Exercise aim: The full listing, minus its pictures, should be printed again exactly as it stands.

Top of Data provided

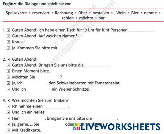 Created by tatavas ESL German A2 Vocabulary German Author's Instructions Ergänzt die Dialoge und spielt sie vor My Google Classroom Courses × 0 classes selected (0 students total) Quick Access Select all classes (0 classes) All Classes Loading courses... Cancel Share Share to selected Course __COURSE_NAME__ __STUDENT_NAME__ (__STUDENT_EMAIL__) In der Gaststätte Download Worksheet Validation Check my answers Emails my answers to my teacher Full name Group/level School subject Teacher's email or key code Close Submit Validating worksheet... (12) Your answers have been sent to your teacher. Good luck! OK We encountered an error submitting your answers. Please try again. OK Advertisement | Go Ad Free Created by tatavas ESL German A2 Vocabulary German Author's Instructions Ergänzt die Dialoge und spielt sie vor Explore Worksheets Sich vorstellen und kennenlernen ESL A2 Sich vorstellen und kennenlernen Vocabulary - ESL Erste Kontakte на німецькій (Перші контакти) Lerne, wie man sich auf Deutsch vorstellt und andere kennenlernt. Mache die Übungen unten. Навчися представлятися та знайомитися німецькою мовою. Виконай вправи нижче. Dabei 2.2 Modul 14 Test ESL A2 Dabei 2.2 Modul 14 Test Vocabulary - ESL Was passt wohin? Menschen A2.1 L11 ESL A2 Menschen A2.1 L11 Vocabulary - ESL Erledige den Test Wortschatz: Verben mit Dativ ESL A2 Wortschatz: Verben mit Dativ Vocabulary - ESL A2 Niveau
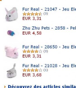 Encore de très bonnes affaires jouets dans les soldes sur amazon : cette fois ci concernant les petits animaux electroniques Zhu Zhu Pet , Fur Real , petits animaux qui se deplacent dans tous les sens en faisant du bruit ..
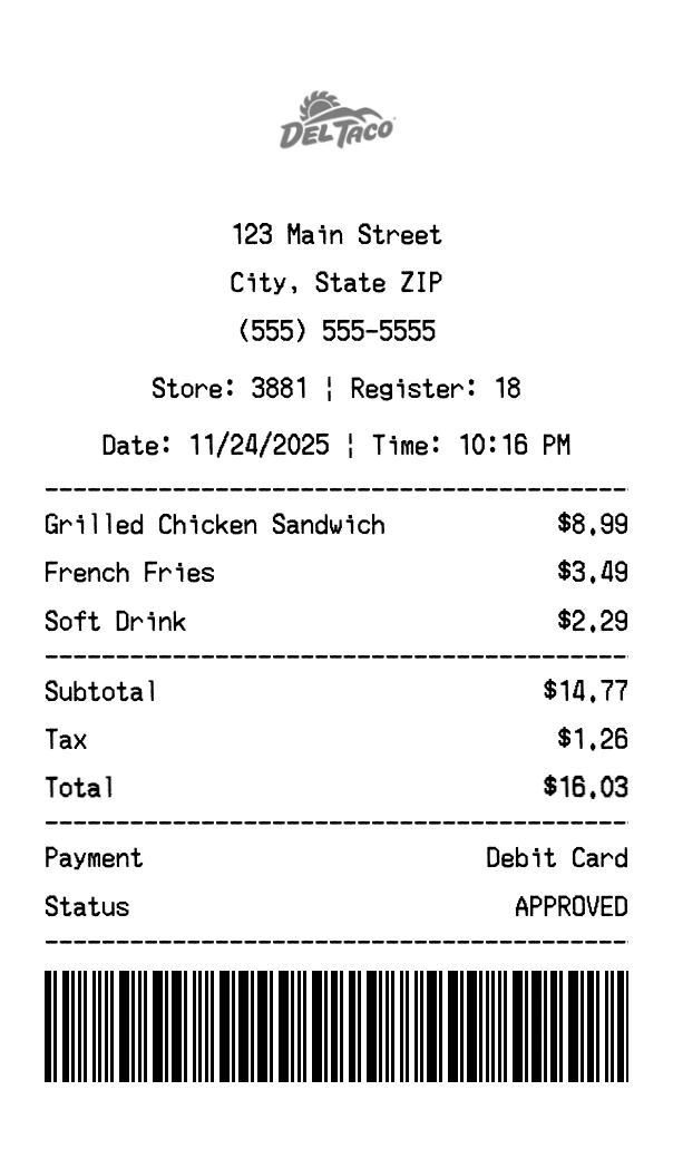 Create authentic Del Taco receipts for fast food purchases. Our free receipt generator tool helps you create professional, detailed receipts instantly. Perfect for business expense tracking, reimbursement requests, and personal documentation. Download high-quality PNG receipts in seconds, no signup required.

Bottom of Data provided

Exercise response:
 Created by tatavas ESL German A2 Vocabulary German Author's Instructions Ergänzt die Dialoge und spielt sie vor My Google Classroom Courses × 0 classes selected (0 students total) Quick Access Select all classes (0 classes) All Classes Loading courses... Cancel Share Share to selected Course __COURSE_NAME__ __STUDENT_NAME__ (__STUDENT_EMAIL__) In der Gaststätte Download Worksheet Validation Check my answers Emails my answers to my teacher Full name Group/level School subject Teacher's email or key code Close Submit Validating worksheet... (12) Your answers have been sent to your teacher. Good luck! OK We encountered an error submitting your answers. Please try again. OK Advertisement | Go Ad Free Created by tatavas ESL German A2 Vocabulary German Author's Instructions Ergänzt die Dialoge und spielt sie vor Explore Worksheets Sich vorstellen und kennenlernen ESL A2 Sich vorstellen und kennenlernen Vocabulary - ESL Erste Kontakte на німецькій (Перші контакти) Lerne, wie man sich auf Deutsch vorstellt und andere kennenlernt. Mache die Übungen unten. Навчися представлятися та знайомитися німецькою мовою. Виконай вправи нижче. Dabei 2.2 Modul 14 Test ESL A2 Dabei 2.2 Modul 14 Test Vocabulary - ESL Was passt wohin? Menschen A2.1 L11 ESL A2 Menschen A2.1 L11 Vocabulary - ESL Erledige den Test Wortschatz: Verben mit Dativ ESL A2 Wortschatz: Verben mit Dativ Vocabulary - ESL A2 Niveau
 Encore de très bonnes affaires jouets dans les soldes sur amazon : cette fois ci concernant les petits animaux electroniques Zhu Zhu Pet , Fur Real , petits animaux qui se deplacent dans tous les sens en faisant du bruit ..
 Create authentic Del Taco receipts for fast food purchases. Our free receipt generator tool helps you create professional, detailed receipts instantly. Perfect for business expense tracking, reimbursement requests, and personal documentation. Download high-quality PNG receipts in seconds, no signup required.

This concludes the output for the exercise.